> [Exercise requirements]
Whatever pictures the entries hold, omit them, and output exactly the lines from the one containing "Dave was ready" through the final line.

> [Exercise data]
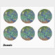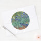 Este belo produto é inspirado pelos irlandeses pintados por Vincent van Gogh em 1889. A imagem apresenta riscas azuis com caules verdes e folhas com pontas pontiagudas plantadas em terra vermelha-marrom.
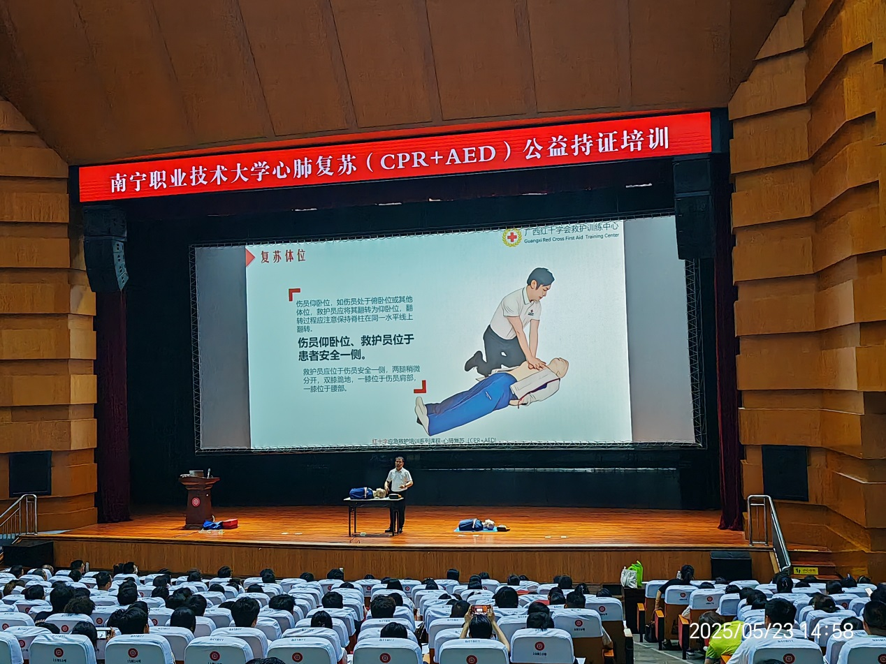 2025年6月为第24个全国安全生产月,今年的主题为“人人讲安全、个个会应急”。为筑牢校园安全防线,提升教职工应急救护能力,5月22日,我校携手红十字会于学校大礼堂开展心肺复苏公益持证培训,300名教职员工踊跃参与。培训采用“理论讲解+模拟实操+分组考核”的闭环教学模式,围绕心肺复苏(CPR)与自动体外除颤器(AED)规范操作展开。讲师以理论剖析结合场景演示,重点指导胸外按压技巧、除颤设备使用要点。实操环节中,讲师...
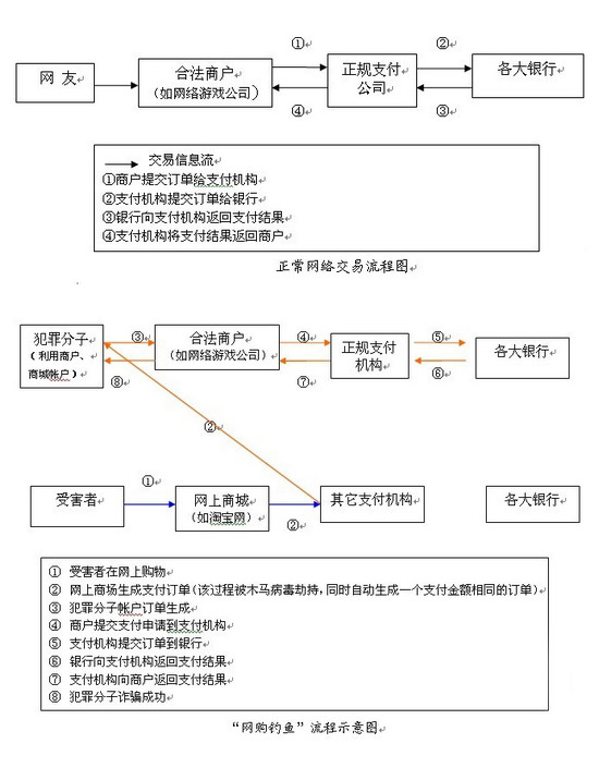 示意圖如上(如圖所示,“正規(guī)支付機構(gòu)”兩端的流程都是正常流程,無法分辨是騙子還是受害者;但“網(wǎng)上商城”、“合法商戶”有責任追索到騙子):
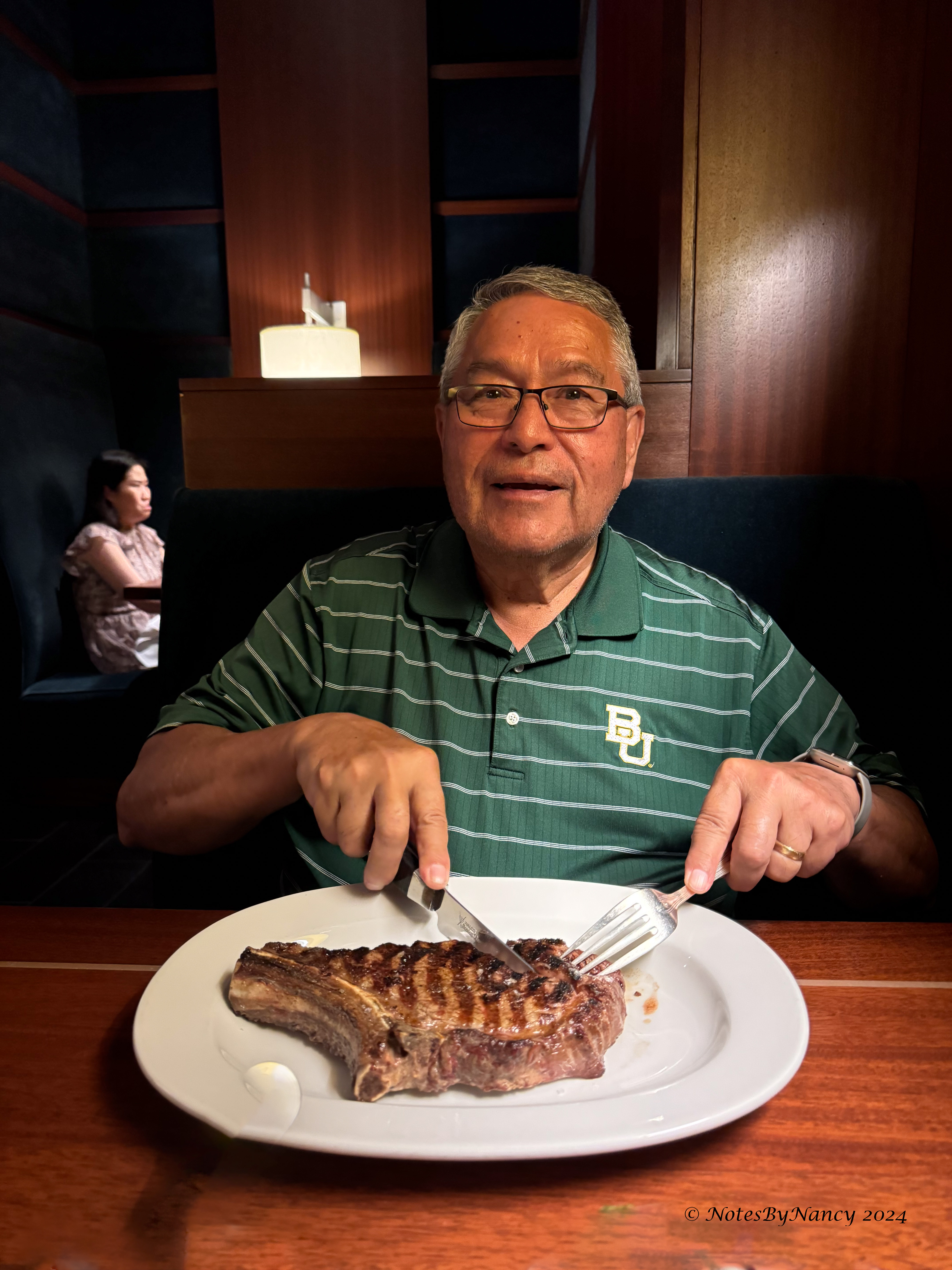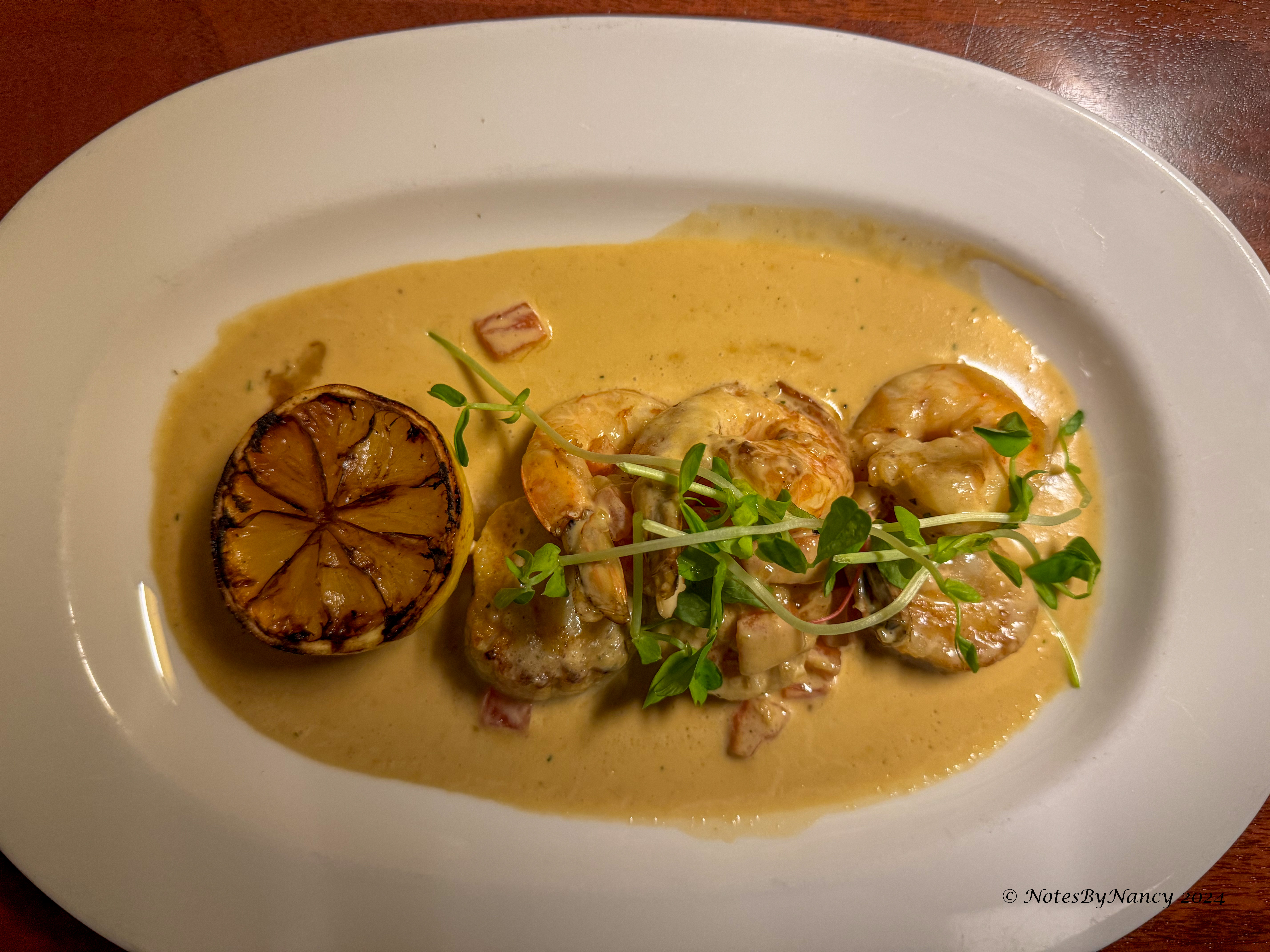 Dave was ready for a steak, and I was hungry for seafood, we found that The Shore Club fit the bill nicely. It was an easy 10-minute walk, and they had plenty of availability for a last-minute reservation. Although it was trying to rain on our walk over, it wasn’t too bad, giving us a chance to use the umbrellas we’d packed.
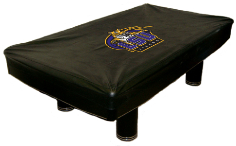 These nice looking billiard table covers are custom printed with a colorful college logo. This is a universal size cover and can cover a 7' or 8' table. Made with high grade vinyl and a soft backing. Please allow 1-2 weeks processing time prior to shipping.
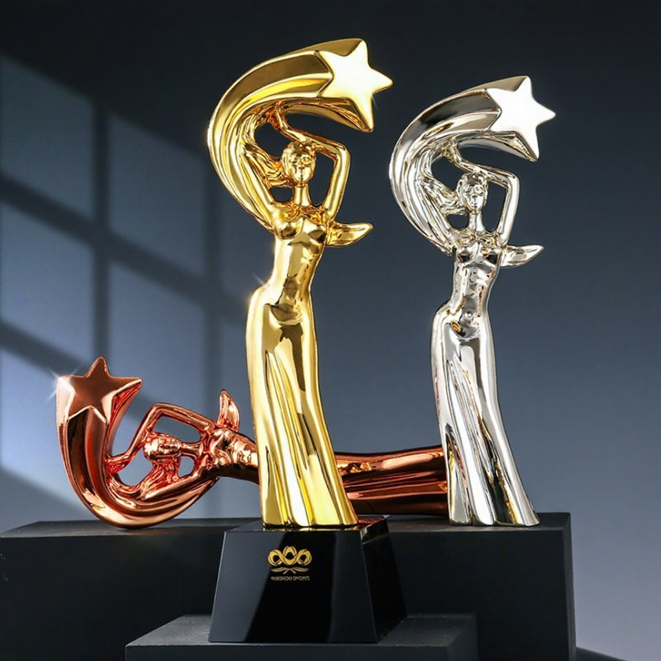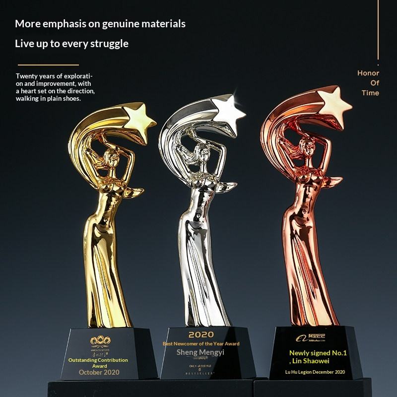 Trophée personnalisé créatif en forme de déesse étoilée, petite figurine dorée, récompense commémorative pour bonne épouse, mari, beauté, tatouage, cristal doré

> [Response area]
 Dave was ready for a steak, and I was hungry for seafood, we found that The Shore Club fit the bill nicely. It was an easy 10-minute walk, and they had plenty of availability for a last-minute reservation. Although it was trying to rain on our walk over, it wasn’t too bad, giving us a chance to use the umbrellas we’d packed.
 These nice looking billiard table covers are custom printed with a colorful college logo. This is a universal size cover and can cover a 7' or 8' table. Made with high grade vinyl and a soft backing. Please allow 1-2 weeks processing time prior to shipping.
 Trophée personnalisé créatif en forme de déesse étoilée, petite figurine dorée, récompense commémorative pour bonne épouse, mari, beauté, tatouage, cristal doré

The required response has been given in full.